The saga began on April 9, 2019, when James Connolly, a recent hire at OMG Midwest’s Belle Plaine, Minnesota plant, emailed officials of the Blaine (suburban Minneapolis-St. Paul)-based Teamsters Local 120 inquiring if joining was necessary to keep his job. He made clear that he did not want to join. Later that day, a union official replied, “Sorry James, but yes, you do have to join.” This statement was false. In all 50 states, a private-sector employee may decline membership in a union and still keep his or her job; the U.S. Supreme Court had established this principle back in 1963 in NLRB v. General Motors. To be sure, in non-Right to Work states – such as Minnesota – a private-sector employee still may be compelled to pay partial dues (“agency fees”) to a union in lieu of joining. Yet even in those instances, ruled the Court in 1988 in Communications Workers of America v. Beck, such dues must reflect core union functions of collective bargaining, grievance procedures and contract administration. Notwithstanding, on May 1, a representative of OMG Midwest, an Ankeny, Iowa-based paving contractor with a Teamsters contract, reiterated this misinformation to Connolly. In response, Connolly emailed the company on May 9 emphasizing his reluctance to join. The next day OMG Midwest fired him.

Connolly wouldn’t go away, however. One June 19, he filed unfair labor practice charges with the National Labor Relations Board against the company and Teamsters Local 120. Charles Winter joined him. In his complaint, Winter asserted that a Teamster representative had told him and other OMG Midwest employees at a company-wide meeting that union membership is necessary to get or keep a job. Seeking clarification from the company, he received an email repeating this misstatement. Winter replied on May 20 that he would not join. A company representative fired him that day via email. His charge also stated that the Teamsters membership form given to him lacked the mandated estimate of the reduced union fees that nonmembers must under Beck. Connolly and Winter each stated that union and company misinformation constituted a violation of Section 7 of the National Labor Relations Act, which protects a worker’s “right to refrain from any or all” union activities. The Springfield, Va.-based National Right to Work Legal Defense Foundation provided each worker with free legal assistance.

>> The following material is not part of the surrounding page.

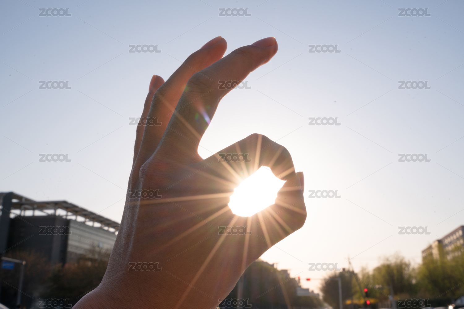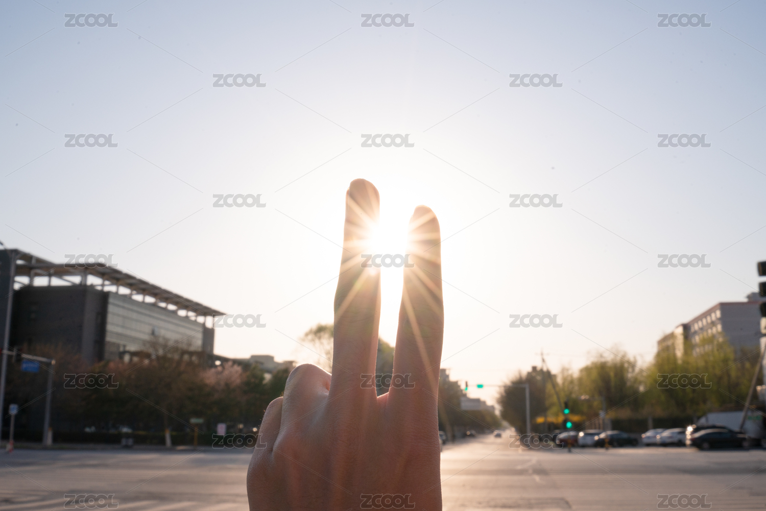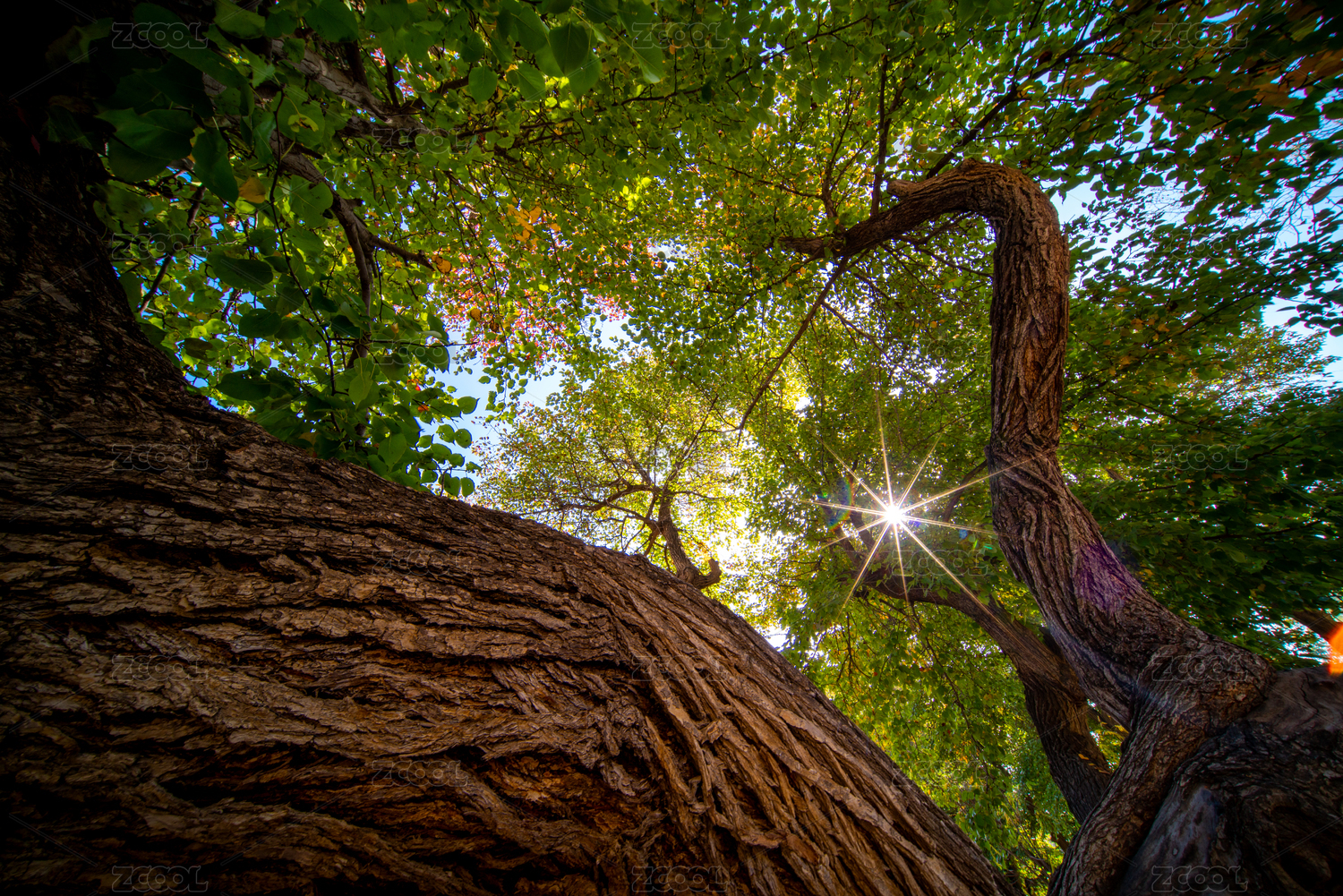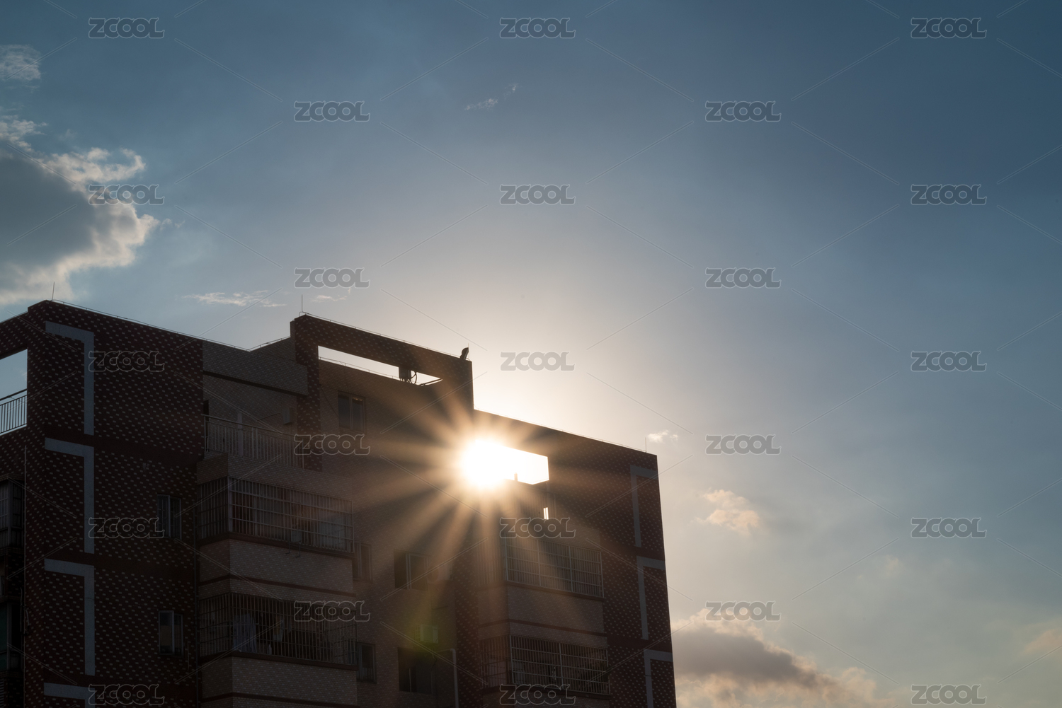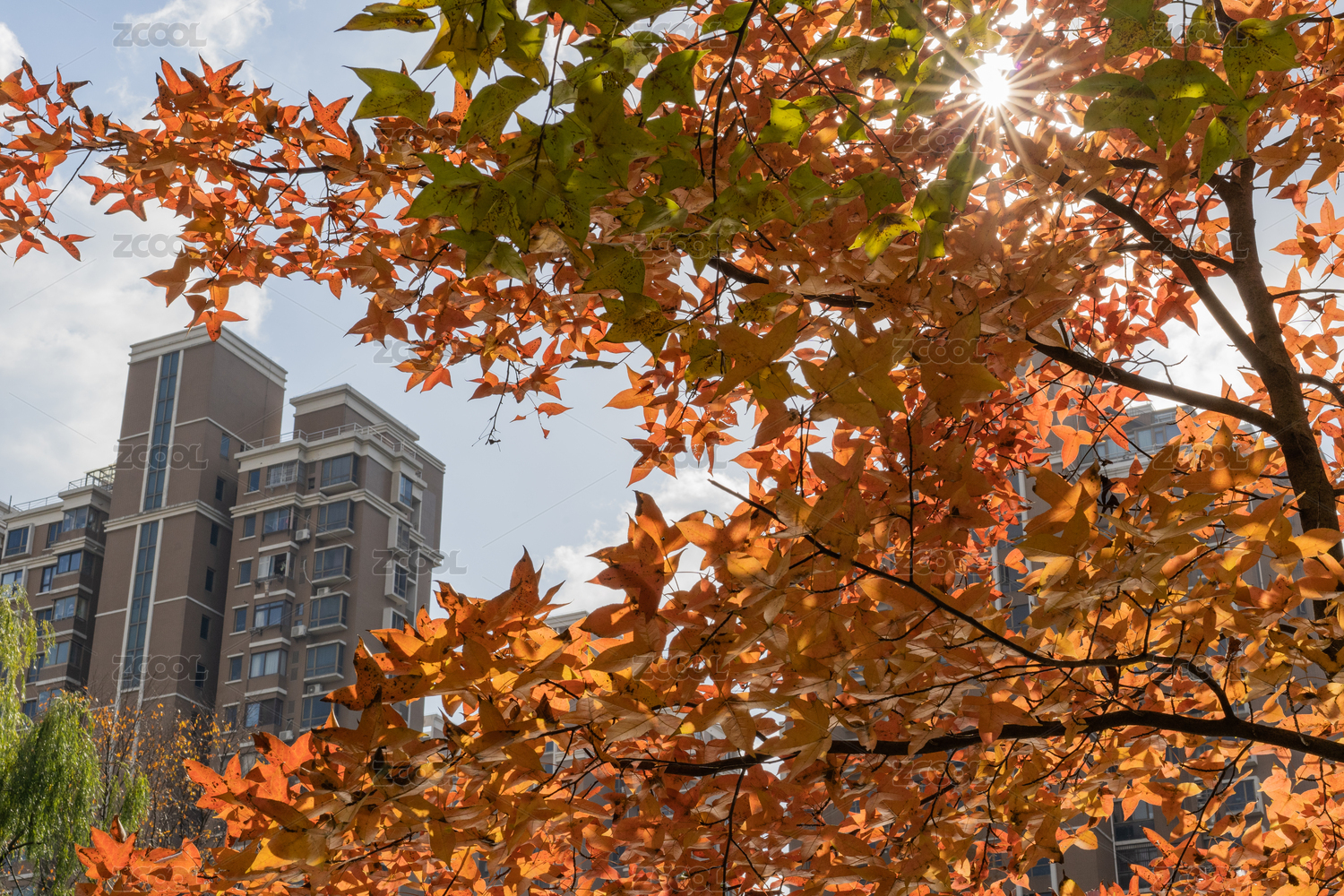 逆光下的楓香秋葉星芒和小區(qū)建筑

OMG Midwest and Teamsters Local 120, seeing an adverse NLRB ruling as a distinct possibility, cut a deal. And on March 25, Connolly and Winter announced that their former employer had agreed to a settlement reportedly worth a combined more than $30,000 in back pay. The agreement also orders OMG Midwest to remove termination references from the employees’ personnel files, post a “Notice of Beck rights” on its premises, and distribute the notice to all employees. Still, there remains unfinished business. In a press release, National Right to Work Legal Defense Foundation President Mark Mix remarked: “Although it’s good news that Mr. Connolly and Mr. Winter have won these settlements, which require OMG Midwest to make reparations for violating longstanding worker protections, the fact is that Mr. Connolly’s and Mr. Winter’s charges…are still pending. [National Labor Relations Board] Region 18 must swiftly prosecute Teamsters Local 120 so these two men’s rights can be fully vindicated.”

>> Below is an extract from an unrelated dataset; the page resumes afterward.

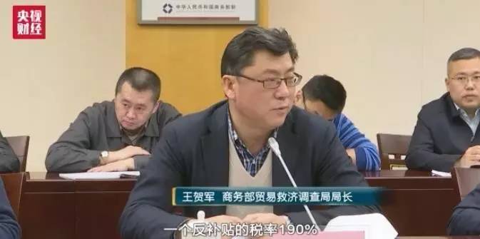 商务部贸易救济调查局局长王贺军:前两天刚公布不久的不锈钢板带(材)一个反补贴的税率190%,反倾销的税率76%,两个加起来260%多的税率。260%的税率我不相信哪一个产品上的盈利率达到260%多。实际上有个10%到20%就不错了。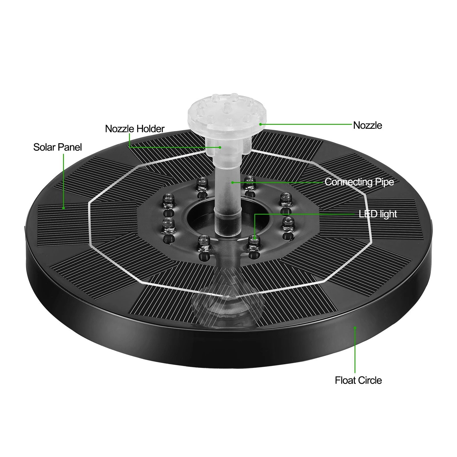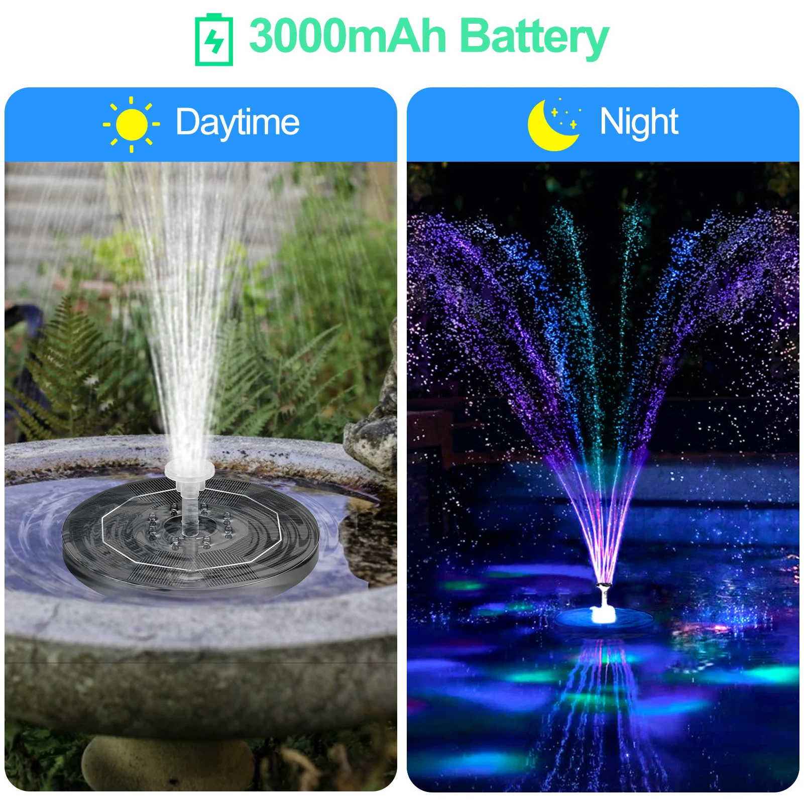 1. Хранение электроэнергии, длительное время освещения: Новая обновленная версия, солнечный фонтан 5V3W. Когда солнце заполнено, он распыляет воду более мощно, чем любой другой фонтан на рынке; Он имеет встроенный 3000 мАч высокопроизводительный полимерный литиевый аккумулятор с функцией питания. Вода может распыляться в пасмурные дни, а светодиодный спрей может работать в течение 5 часов ночью.2. Великолепная светодиодный Красочные светильник s: 8 светодиодный светильник, в тех случаях, когда светильник датчик обнаружения ночного поставляется, есть 7 видов цветов, светильник, делая ночное бассейн выглядеть еще более привлекательно. Фонтан гнезда солнечной птицы может автоматически управляться под прямыми солнечными лучами всего за 3 секунды. Он имеет встроенный высокопроизводительный полимерный литиевый аккумулятор, а высота распыления воды более 30 см в пасмурные или солнечные дни. Он может работать в течение 5 часов без электричества или аккумулятора.3. Используйте специальные наружные материалы, прочные, Антивозрастные, непромокаемые, антикоррозийные, высокая термостойкость, не нужно беспокоиться о длительной плохой погоде, срок службы-3 года.4. Новая технология обновления: фонтан для хранения солнечной энергии-это ландшафтное фонтанное устройство, которое использует солнечные панели для зарядки аккумулятора и насоса воды. Этот продукт использует высокоэффективные солнечные панели и новый тип бесщеточного водяного насоса, который имеет преимущества быстрого запуска, высокой эффективности и сильной стабильности. Кроме того, продукт плавает на воде, внешний источник питания не требуется, простая установка и простая эксплуатация.5. Встроенная функция контроля уровня воды может автоматически прекращать работу при нехватке воды. Он начнется сразу же после добавления воды без перезапуска и активации. Он прост в эксплуатации и предотвращает погружение насоса на холостом ходу и снижает срок службы насоса; Этот новый тип фонтана солнечного насоса очень подходит для птичьего гнезда, аквариума и т. д. Небольшой пруд, бассейн, Сад, Терраса, газон, циркуляция кислорода. Принесет вам больше радости.Спецификация:Название: светящийся солнечный фонтанОдин размер: около 200 × 190 × 47 мм/7.87x7.48x1.85 дюймовОдин вес: около 440 гМощность солнечной панели: 5,0 V 3,0 WРазмер панели солнечных батарей: около ø180мм/7,09 дюймаМощность водяного насоса: 4,0 V 1,0 WБатарея: перезаряжаемый литий-ионный аккумулятор 3,7 V/ 3000mAhСветодиодный разноцветными огоньками: 8 семь цветов красочные медленно мигает светодиодный светМаксимальный расход насоса: 300 л/чМаксимальный подъем воды насоса: 120 смМаксимальная высота распыления: 60 смСрок службы фонтана: ≥ 10000 часов.Срок службы батареи: 300-500 раз зарядки и разрядки.Задержка: ≤ 3 с (насос автоматически перезагружается в течение 3 секунд)Время работы: весь день; До 5 часов в ночное время.Функция батареи: когда солнце слабо или погода плохая, батарея поможет фонтану работать. Батарея будет находиться в солнечном фонтане для работы, а солнечные панели имеют избыточную мощность.Светодиодный светильник: фонтан будет работать автоматически в течение дня. Когда светильник обнаруживает темноту, светодиодный светильник будет работать автоматически с фонтаном.Защита от сухого хода: фонтан имеет емкостный уровень водыНет воды: он пере

Teamsters Local 120, with about 12,000 members, is no stranger to corruption. Back in January 2013, International Brotherhood of Teamsters headquarters in Washington, D.C. filed charges against former local Vice President Bradley Slawson Sr. and his son, Bradley Slawson Jr., for stealing more than $450,000 in funds and other things of value from the local. A few months later, in April 2013, Teamsters General President James P. Hoffa, acting on a recommendation by the IBT’s court-approved overseer, the Independent Review Board, permanently banned the Slawsons from holding union leadership positions, and ordered them to pay tens of thousands of dollars to Local 120 as restitution. The current local leadership doesn’t look like much of an improvement.